I built our report engine using Rust for the orchestration layer and LuaLaTeX for the typesetting, running the entire pipeline inside AWS Lambda. This post covers the architectural decisions behind that choice, the template management patterns that make branded reports maintainable, the hardest problems you will encounter in server-side PDF generation, and the real-world results this approach has delivered.

Why Generate PDF Reports Server-Side Instead of Client-Side?

Server-side generation produces identical output regardless of the recipient’s device, browser, or operating system. This consistency is not a convenience but a requirement for any document that carries professional or legal weight. When a QA team delivers a security audit report to a client, that report needs to look the same whether the client opens it on a MacBook, a Windows desktop, or a tablet.
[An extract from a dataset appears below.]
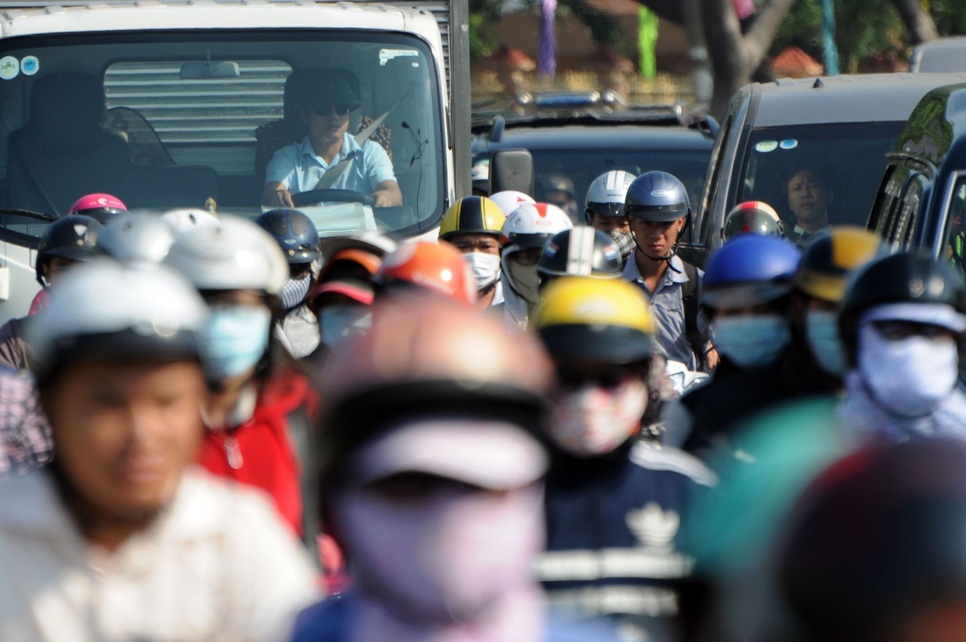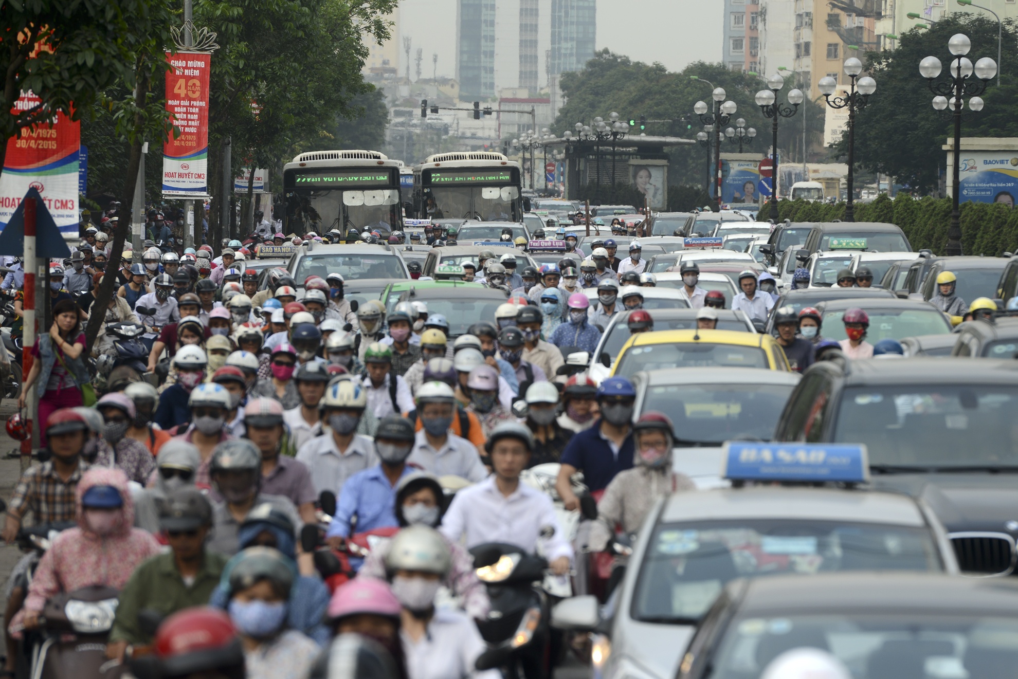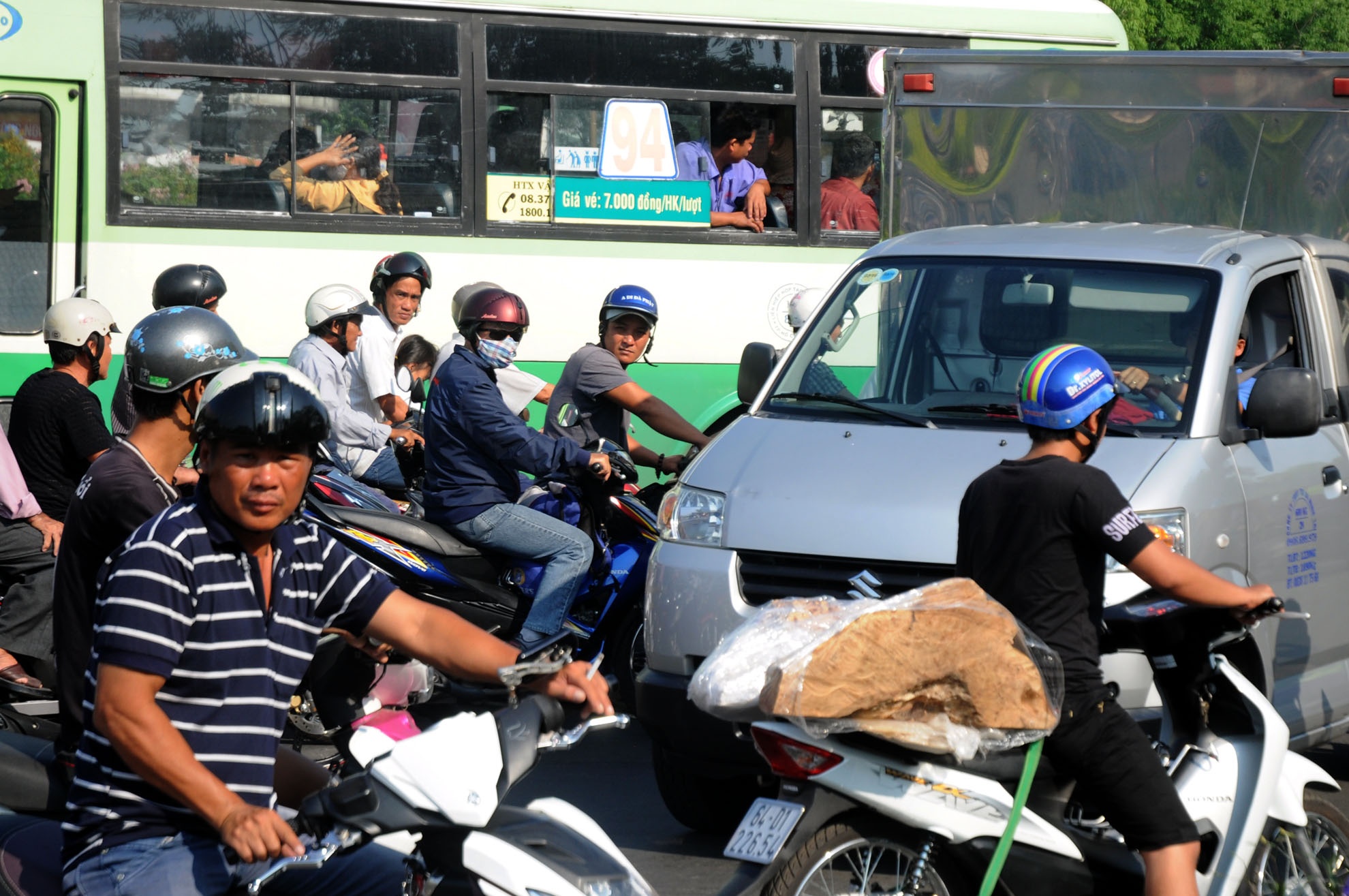 | Tại TP HCM: Sáng 4/5, nhiều người ở ven đô như quận 12, Gò Vấp đi qua đường Trường Chinh vào trung tâm đi làm cũng khiến xe cộ nối đuôi nhau nhích từng chút. |

Client-side PDF generation using browser rendering engines introduces variability because each browser interprets CSS differently, handles page breaks according to its own logic, and produces different font rendering depending on the system’s installed fonts.

Branded output is another compelling reason to keep generation on the server. When the PDF engine lives in your infrastructure, you control every pixel. Custom fonts load from your own font files rather than falling back to whatever the client’s system provides. Color profiles match your brand specifications exactly. Margins, headers, footers, and page numbering follow templates that your design team approved. None of this is reliably achievable when you delegate rendering to a browser engine running on hardware you have never seen.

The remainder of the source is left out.